The Replay Tool allows you to easily restore data from a blob storage to an event hub so that any time period can be restored from the blob storage. The Event Hub itself allows you to configure a recovery, but it is limited to 7 days. In order for the data to end up in the Blob Storage, the Capture Events Feature must first be activated in the Event Hub. Theoretically the tool can be used on any machine, but it is recommended to use a virtual machine in Azure to achieve a high performance upload when publishing to the event hub.
At first all blobs are read from the Azure Blob Storage according to the restorePath parameter set in the application.properties file. Then the downloaded blobs are transformed from the Avro file format into the Event Data format of the Event Hub. All events are then filtered according to a specified regular expression. The result is sent to the desired event hub.
The application is configured via a properties file. The parameters are explained in detail:
- azure.storage.account.name: Name of the storage account
- azure.storage.account.key: Key for accessing the storage account
- azure.storage.container: Name of the Blob Storage Container
- azure.storage.num_partitions: The Capture Event feature saves the blob for each partition. Number of configured partitions in the event hub
- azure.storage.log.level: The log level that the Azure Storage API should use (Default: WARNING)
- azure.storage.log.duration_slow_ms: Response time in ms from which the Azure Storage API issues a warning for the web request (default: 2000ms)
- azure.storage.restorePath: Folder path in the blob storage to be used for the restore. See also section Folder Path Storage.
- azure.storage.client.threads: Number of threads to retrieve the blobs from the Azure Storage.
- azure.storage.event.body.filter_regex: Filter to only reload certain events into the Event Hub. Messages that do not fulfill the regex are discarded. If no filter is specified, no filtering takes place.
- publish.eh.event.read_properties: Indicates whether the original event properties should be used (Default: true)
- publish.eh.event.use_partition_key: Indicates whether the original partition key should be read from the stored event and use it for publishing. Batch processing is not possible in this mode. (Default: false)
- publish.eh.event.use_partition_sender_batch: Specifies whether messages are returned to the original partition specified by the storage. (Default: true)

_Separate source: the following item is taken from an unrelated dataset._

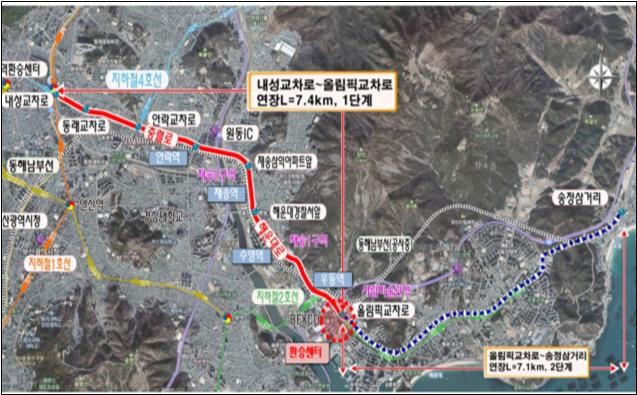 총 사업비 450억원이 투입되는 부산 내성~송정BRT(14.5km)는 전체 노선 중 1단계(내성교차로~올림픽교차로간 7,4km) 구간이 지난해 12월 개통했다. 2단계(올림픽교차로~송정교차로 7.1km) 구간은 오는 한비 개통을 목표로 공사가 진행중 이다.

- publish.eh.event.batch_size: Batch Size for sending events to the event hub (default: 1000)
- publish.eh.con_string1: Connection String to Event Hub
- publish.eh.threads: Number of threads to send events to the Event Hub
The Capture Event feature saves all blobs in the following folder structure by default:
{Namespace}/{EventHub}/{PartitionId}/{Year}/{Month}/{Day}/{Hour}/{Minute}/{Second}
The path specifies the granularity of replaying the events. If, for example, you want to replay all events from 2019/01/30 at 8 o'clock, the following folder should be set:
sample_namespace/sample_eventhub/{PartitionId}/2019/01/30/08